**INPUT DATA**
■ ■ ■ ■ ■

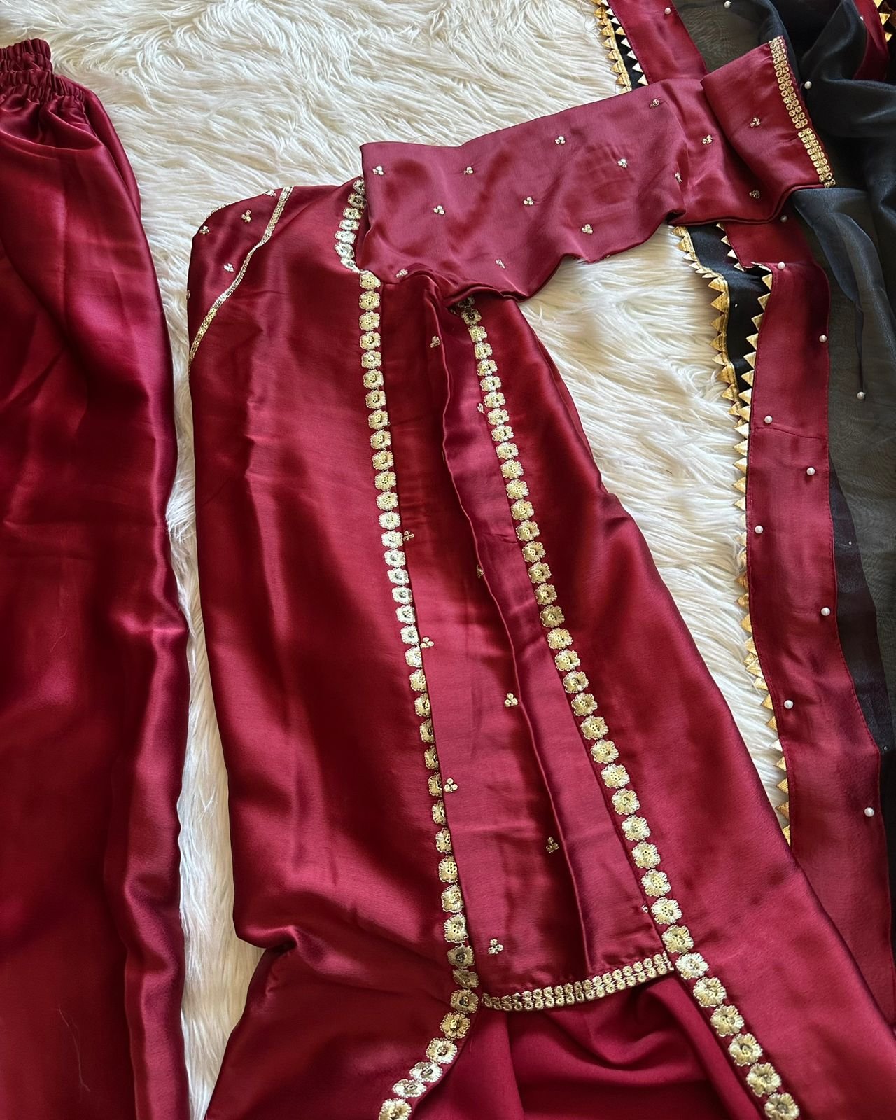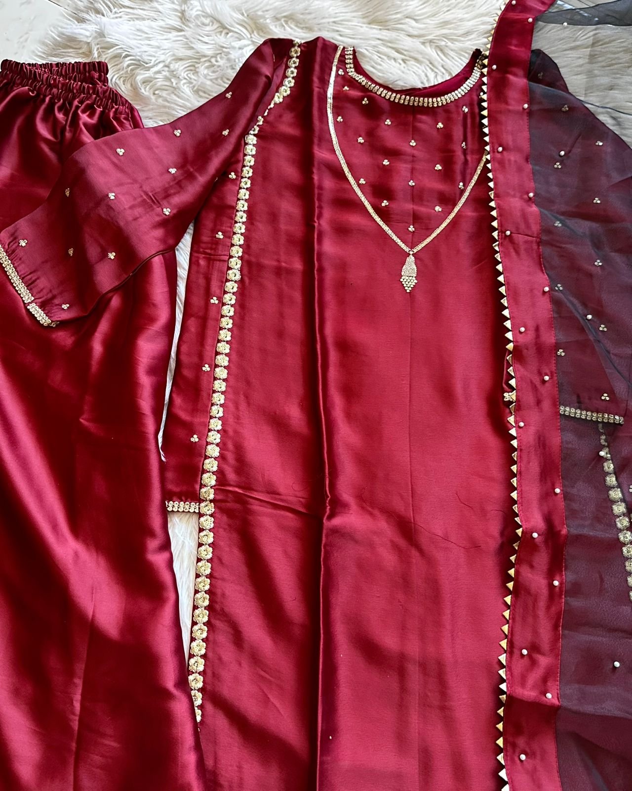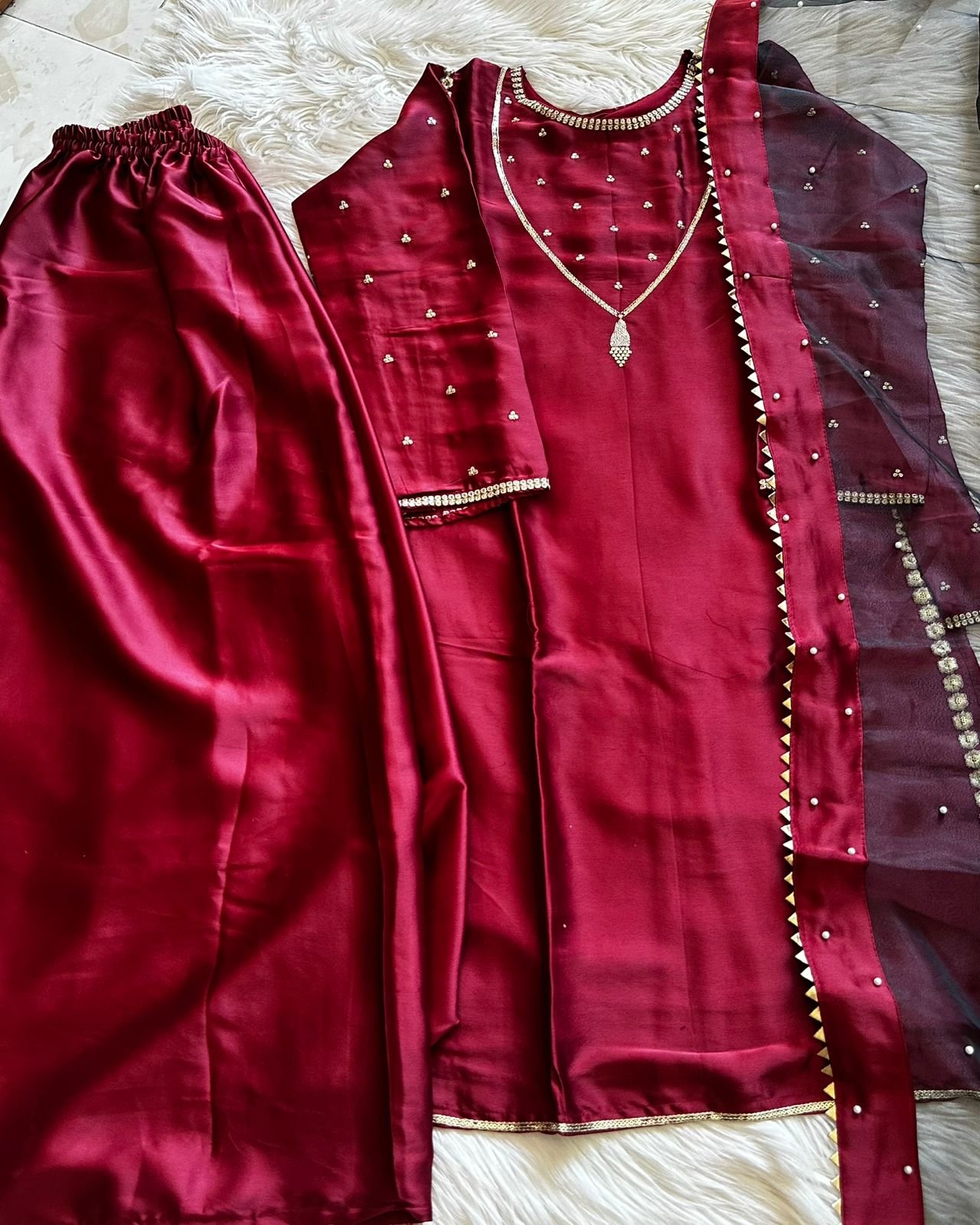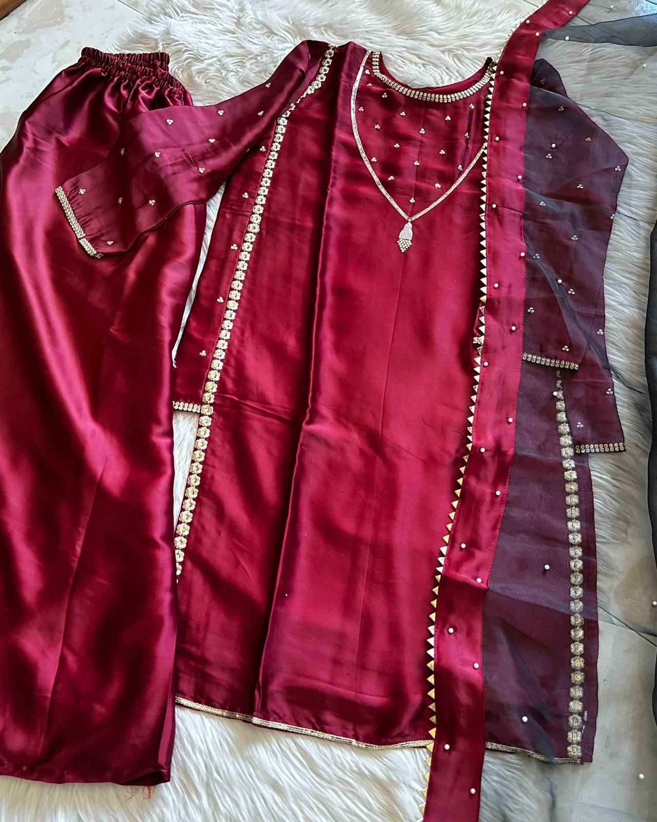 Presenting a classy Japan Satin Suit Set, crafted to give you a rich festive look with an ultra-smooth, comfortable feel. Luxurious satin fabric paired with soft micro cotton lining makes it perfect for long hours of wear—stylish yet effortless 🌸
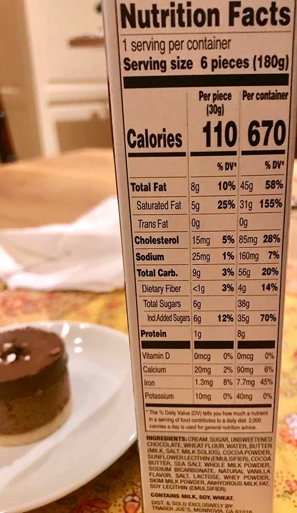 Reading the label though, we were all a bit confused by it saying “1 serving per container” as well as “serving size 6 pieces”! What? They think this box is one serving? Now each one is small, only about 3 bites each. I could eat 2 easily. Maybe even 3…. Still I don’t think anyone should eat six. Odd Nutrition label. Still each serving of one piece says its (only) 110 calories. Not bad at all and they are very light as mousse is airy.
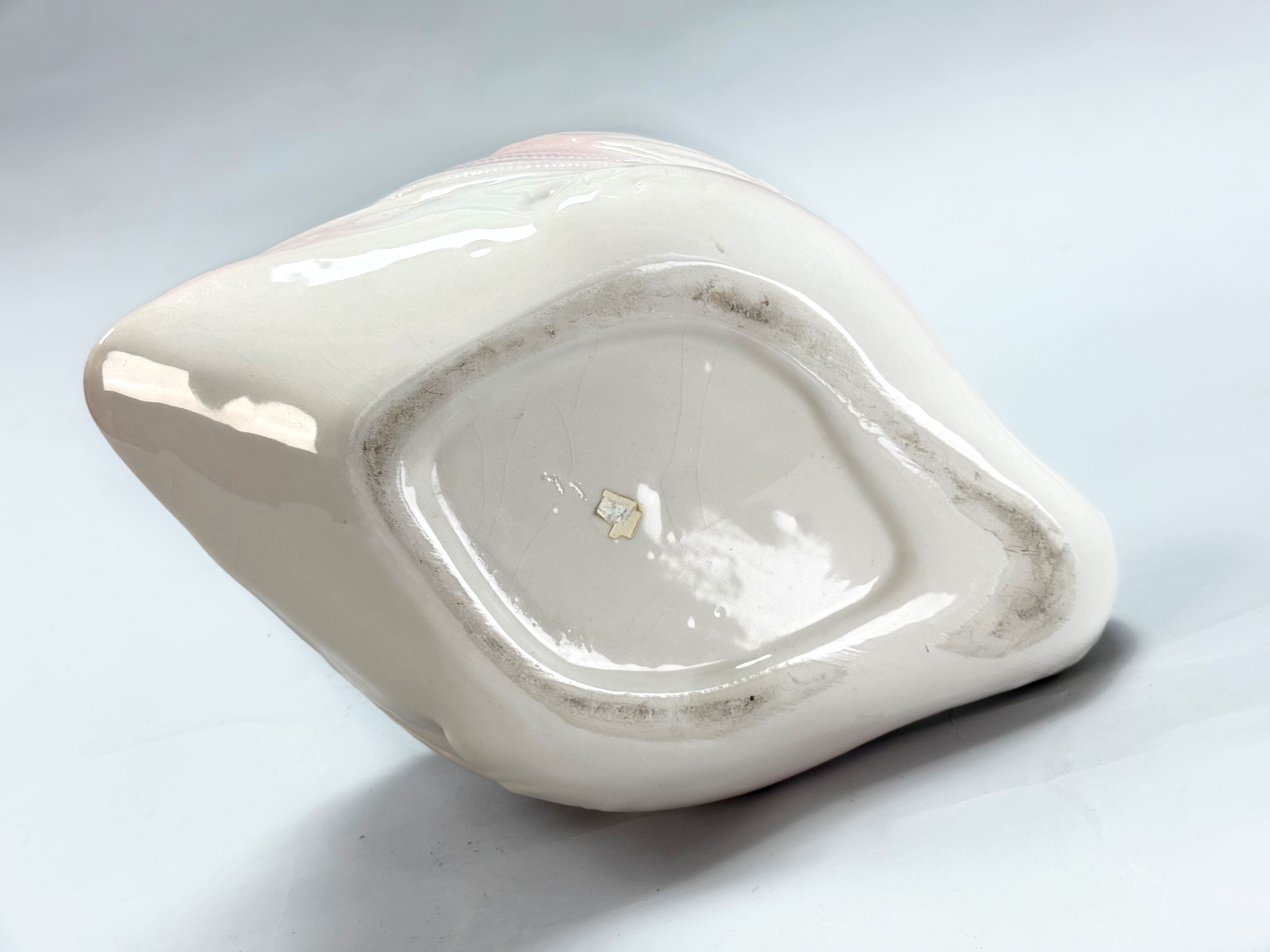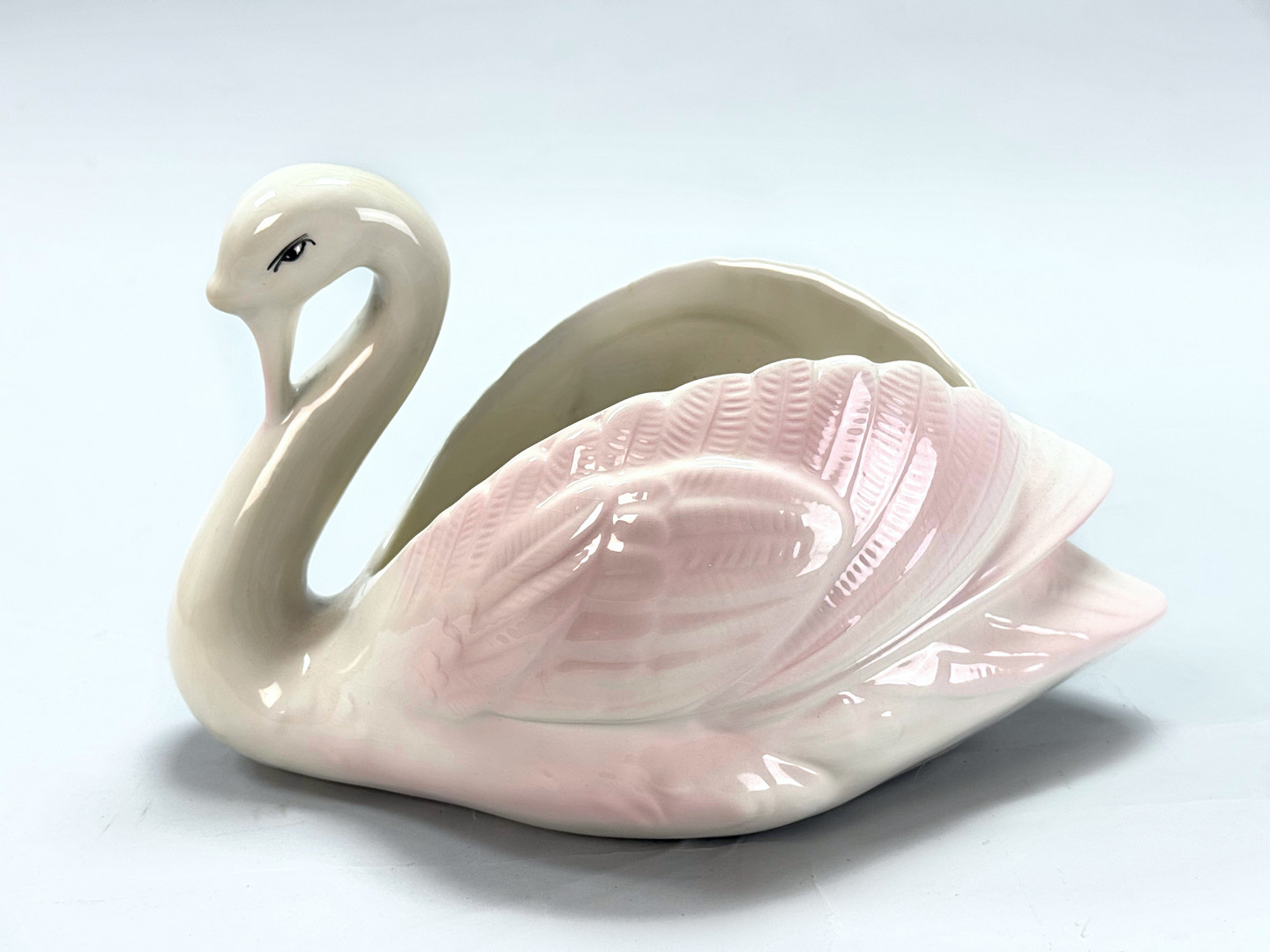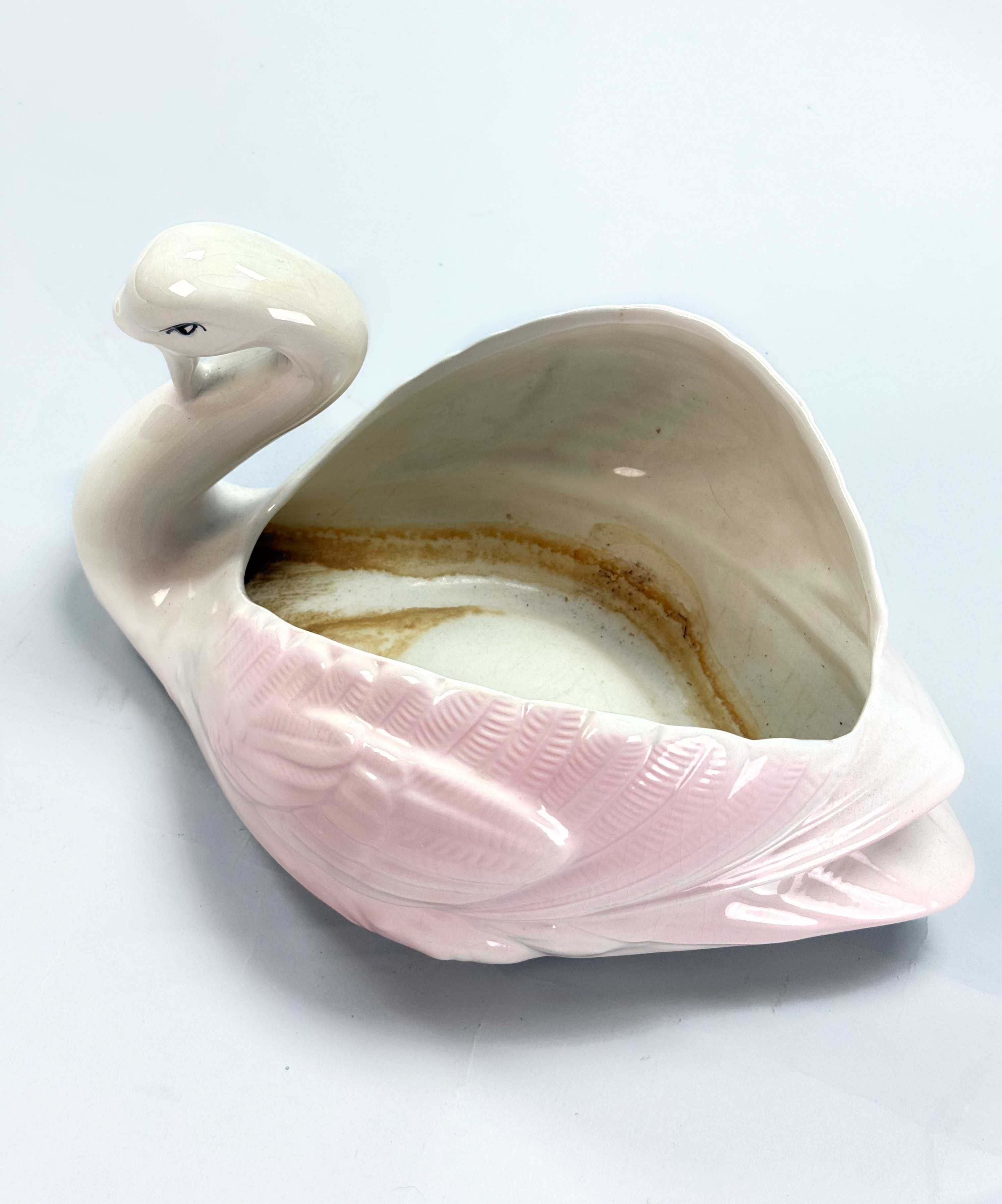 4114316. OUTER LINER/FLOWERPOT, Swan, white/pink glazed ceramic.
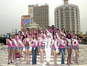 參加由澳門博彩股份有限公司承辦的“世界名模在澳門”活動(dòng)的第十六屆世界模特小姐大賽三十國冠軍佳麗十七日首次匯聚濠江,在澳門著名的葡京酒店前廣場(chǎng)合影,展示風(fēng)采。中新社記者:李剛

■ ■ ■ ■ ■

**INSTRUCTIONS TO FOLLOW**
Up to and including the last line of the listing, starting at the line with "4114316. OUTER LINER/FLOWERPOT, Swan, white/pink", extract every line exactly and leave out the pictures.

**YOUR RESPONSE**
 4114316. OUTER LINER/FLOWERPOT, Swan, white/pink glazed ceramic.
 參加由澳門博彩股份有限公司承辦的“世界名模在澳門”活動(dòng)的第十六屆世界模特小姐大賽三十國冠軍佳麗十七日首次匯聚濠江,在澳門著名的葡京酒店前廣場(chǎng)合影,展示風(fēng)采。中新社記者:李剛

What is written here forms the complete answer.